We can gain an insight from a thought-provoking Talmudic teaching. The Talmud says that one who visits a cemetery is not permitted to perform mitzvot ‘in the presence’ of those who are buried (Brachot 18a). The following examples are offered – one is not to wear tefillin on one’s head and not to carry a Torah scroll and learn from it in a cemetery. The Talmud states that this is an ‘affront’ to the dead. The Talmud then quotes the verse from Proverbs (17: 5), “He who mocks the poor affronts his Maker.” The ‘poor’ in the verse symbolizes the deceased in the cemetery who no longer can observe the commandments. This law is generally understood to mean that it is inappropriate to perform a mitzvah in the presence of those who no longer can.

This law is codified in the Halacha and followed in practice. It is commonly observed today in the following way: Those who wear their tzitzit out tuck in their tzitzit before entering a cemetery in order not to ‘offend’ those who can longer observe the commandments.

It is difficult to understand what the Talmud means when it suggests that that we might ‘offend’ the deceased: after all they are no longer living, what does it mean that they ‘take offense’?

Rav Avraham Yitzchak HaKohen Kook offered another way of understanding this Talmudic teaching (Ain Ayah Chapter 3:1). He offers a unique explanation of the verse from Proverbs: “He who mocks the poor affronts his Maker.”

Rav Kook explains that as we stand at the grave, those who have passed on from this world should not be viewed as ‘poor.’ On the contrary, the soul now resides in the world to come. Viewing the dead as ‘poor’ is not only inaccurate it is also offensive to the Creator – to the One who bestows life to every soul in the World to Come.

We all know that Jewish belief places the greatest emphasis on the preciousness of every moment of life in this world. It is in the here and now that we accomplish, that we are productive, that we grow and experience the vibrancy of life. On the other hand, Judaism also teaches us there is beauty and eternal bliss found in the Next World.

We as Jews live with this religious tension. This is articulated in one of our earliest Jewish teachings. The Mishna says (Avot 4:22): “Better one hour of good deeds in This World than the entire life of the World to Come; and better one hour of spiritual bliss in the World to Come than the entire Life of this World.” Both This World and the World to Come make up the totality of our existence and our life’s aspirations.

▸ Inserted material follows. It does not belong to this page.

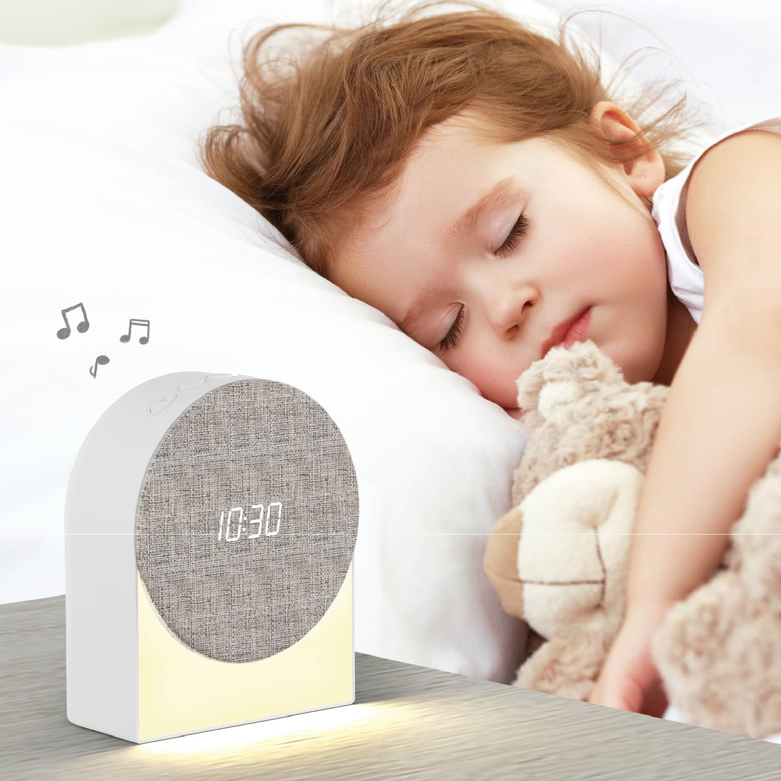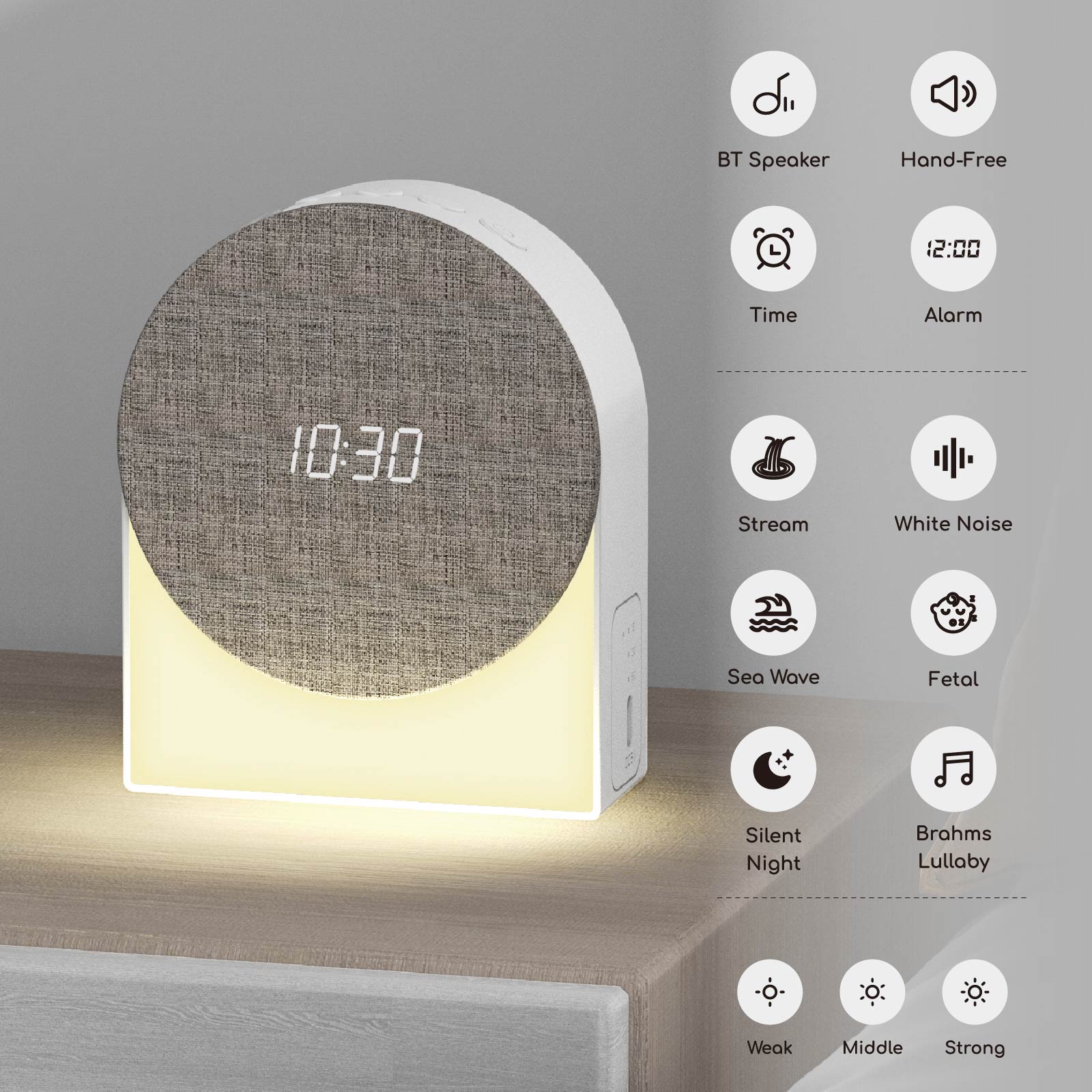 Function: Bluetooth Speaker, Handsfree, Alarm Clock, Night Light, Sleep Aid Noise( White Noise / Stream / Sea Wave / Fetal / Silent Nigh / Brahms Lullaby )

It is the Jewish way to fill each day with thoughts of the preciousness of each moment. However, there are times when we turn our thoughts to valuing and attempting to grasp the idea of life in the next world. When standing at a grave, Rav Kook reminds us that we are to open our hearts and attempt to recognize the preciousness of the spiritual afterlife. Wearing tefillin, studying Torah or even gazing at our tzitzit – are all examples of life affirming rituals of This World. At the cemetery these mitzvot should not be publicized. We should not be distracted from contemplating the precious teaching that the soul continues to live on in the Next World. Standing in a cemetery, we give prominence to our belief that wholeness and goodness exist in the Afterlife.

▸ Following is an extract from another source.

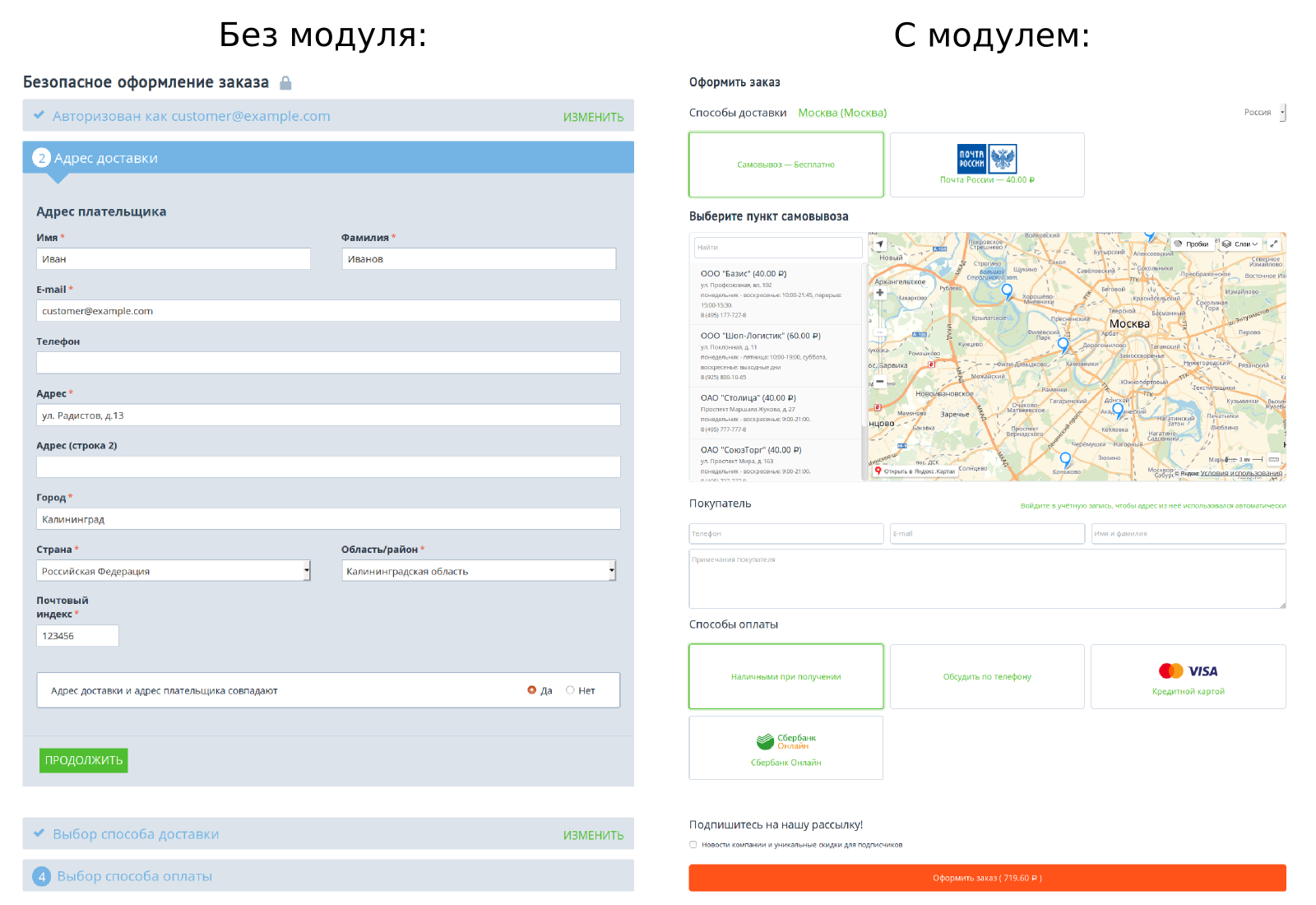 Модуль упрощает страницу оформления заказа: убирает разделение на шаги и уменьшает количество действий покупателя.

When we visit the grave of loved ones we are filled with heartbreak, we long for our beloved and we are filled with the feeling of deep sadness and loss; the empty space that now pervades our life. But the Talmud teaches that we are to reach deep inside and grab hold of our enduring faith that the souls of our dearly departed continue to live on beyond this world, meriting the joy and bliss of eternal life.